Het stadion is ontworpen door vier architecten: Michel Macary, Aymeric Zubléna, Michel Regembal en Claude Costantini. Hun ontwerp is geïnspireerd door Terminal 3 (Worldport) op het John F. Kennedy-vliegveld bij New York.[bron?] Bij het binnenkomen van het stadion valt vooral het dak op; een grote schijf die horizontaal boven het stadion hangt. Het strekt zich uit tot buiten het stadion. In het midden is een deel open gelaten. Het weegt 14.000 ton en hangt op 40 meter hoogte. Omdat het dak normaal groter is dan het stadion zelf is het mogelijk om de onderste tribune, die uit 25.000 zitplaatsen bestaat, met 15 meter naar achteren te verplaatsen zodat het stadion kan worden omgevormd in een olympisch stadion.
Het stadion heeft sinds 1998 de status als Nationaal Stadion. In dat jaar deed het Parc des Princes afstand van deze onderscheiding. Dat stadion wordt nu alleen nog gebruikt door de Franse voetbalclub Paris Saint-Germain.

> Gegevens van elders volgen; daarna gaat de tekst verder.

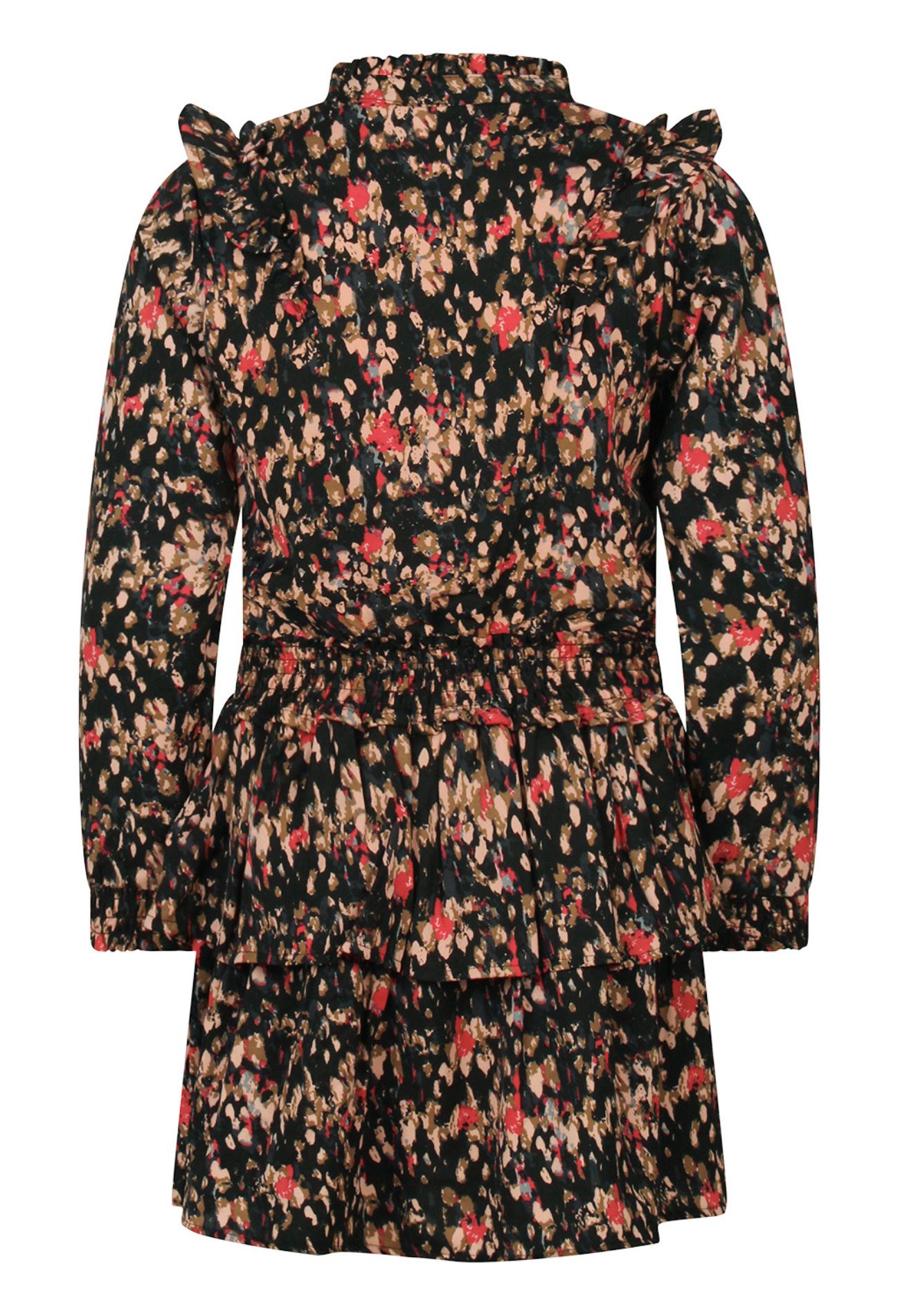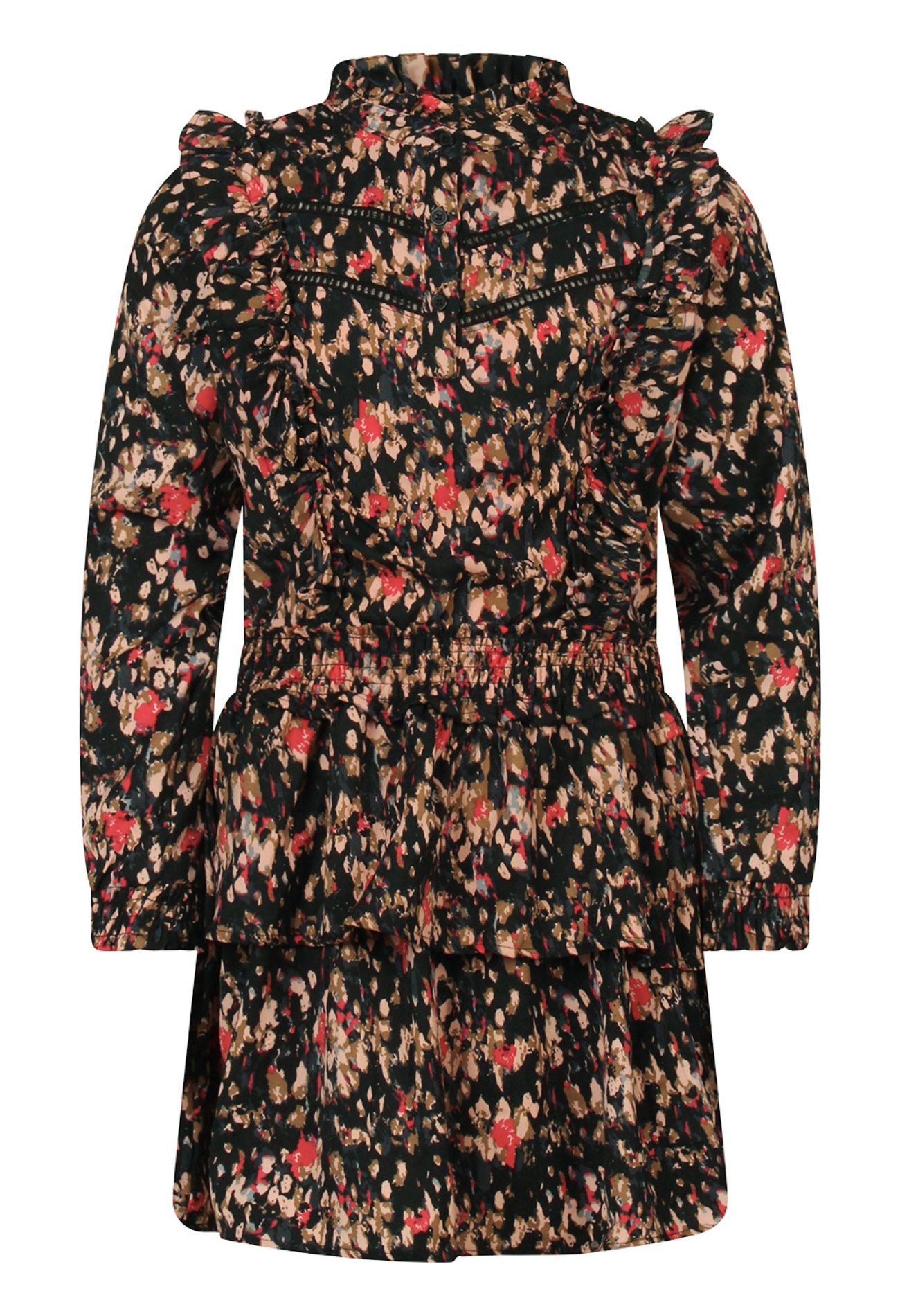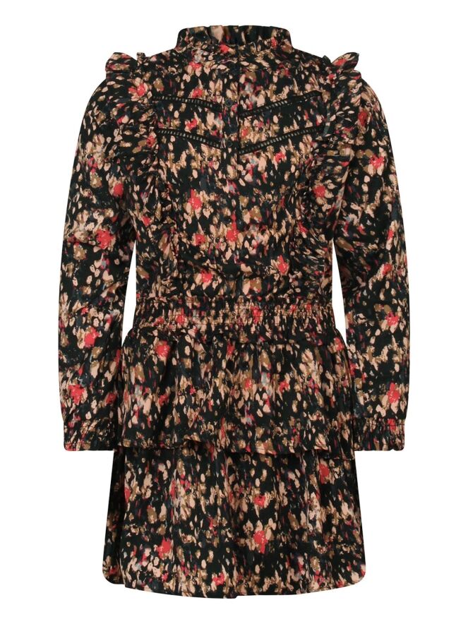 Dit meisjesitem van luchtige crepe stof is versierd met een kleurrijk confettidessin en krijgt extra charme door de ruches en smockdetails. Perfect voor feestelijke gelegenheden, maar ook leuk om casual te combineren voor een vrolijke look.

In 2024 werd een voetgangersbrug over de A1 in gebruik genomen die vanop het voorplein van het Stade de France de verbinding maakt met het dat jaar geopende Centre aquatique olympique. Beide stadions worden ingezet bij de Olympische Zomerspelen 2024. In het Stade de France worden de atletiek en rugby seven competities afgewerkt, naast de sluitingsceremonies van de Olympische en Paralympische Spelen, in het CAO schoonspringen, artistiek zwemmen en de voorrondes van de waterpolo competitie.
Op 13 november2015 bliezen nabij het stadion drie zelfmoordterroristen zich op, als onderdeel van een gecoördineerde reeks aanslagen in Parijs. Hierbij vielen zes doden.[1] Op het moment van de aanslag werd een oefeninterland gespeeld tussen Frankrijk en Duitsland. Ook president François Hollande was in het stadion aanwezig. Het duel werd ondanks de uitzonderlijke omstandigheden uitgespeeld, en werd door de Fransen gewonnen. Zowel het Duitse als het Franse elftal overnachtten in het stadion uit veiligheidsoverwegingen.[2][3]